なお、シャーリーさんやアルトさん、ルキノさんも一緒に……一応部隊員全員が知った形になったしね。

だけど脇からとんでもないことを……!


「シャーリーさんに賛成。それはね、完全に恋煩いだって」

「なぎ君、またハーレム拡大かぁ……」

「ルキノはお世話になる予定、ないの?」

「いや、というか私のお目当ては…………って、それは内緒!」

「盛り上がらないでもらえますか!? それにほら、恋煩いとかじゃないし! 馬鹿に悩まされているだけだし!
というか、シャーリーさんにだけは言われたくないんですよ! その馬鹿の片棒を担いでおいて!」

『……』

「全員で疑わしそうに見ないで……!?」


私、どんだけなの!? いや、混浴とかはしたけど…………そう、なのかな。

でもそれなら……ああもう、こういうのは初めてだからよく分かんないし!


まぁ、とにかく……昨日怪我もしたばかりな上、実は今日のミッドチルダはかんかん照りの猛暑。

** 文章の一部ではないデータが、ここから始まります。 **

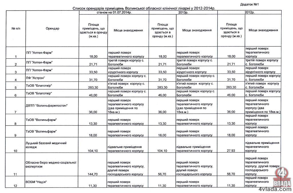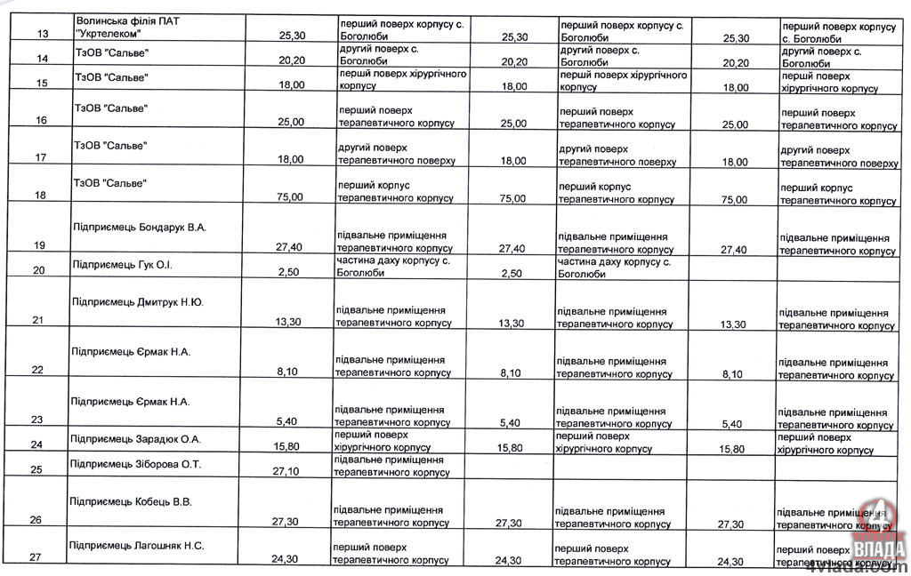 Орендарі приміщень в обласній лікарні (щоб збільшити натисніть мишкою):
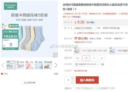 全棉时代婴童春夏精梳棉中筒提花袜5双,plus会员6.55包邮

この状況でふだん通りの訓練はいろいろ危ないと判断して、三日ほど休息期間が設けられることになった。

部隊内の状況がまだ混雑しているせいもあるんだけど……とにかく、その絡みからこうして、昼間っから談笑できるわけで。


「……なら、この気持ちが、恋……というものでしょうか」


え、なに……ディード、なにを言っているの? やめて、ちょっと顔を絡めて、胸元で手をモジモジさせないで……!


「え、ディード……そうなの!? そうなの!?」

「きゃー! 天使と両思いかー! これはお菓子が進む話だねー!」


え、そうなの!? それでいいの!? だからシャーリーとルキノさんもテンション高いの!? ヤバい、分からない! やっぱりよく分からない!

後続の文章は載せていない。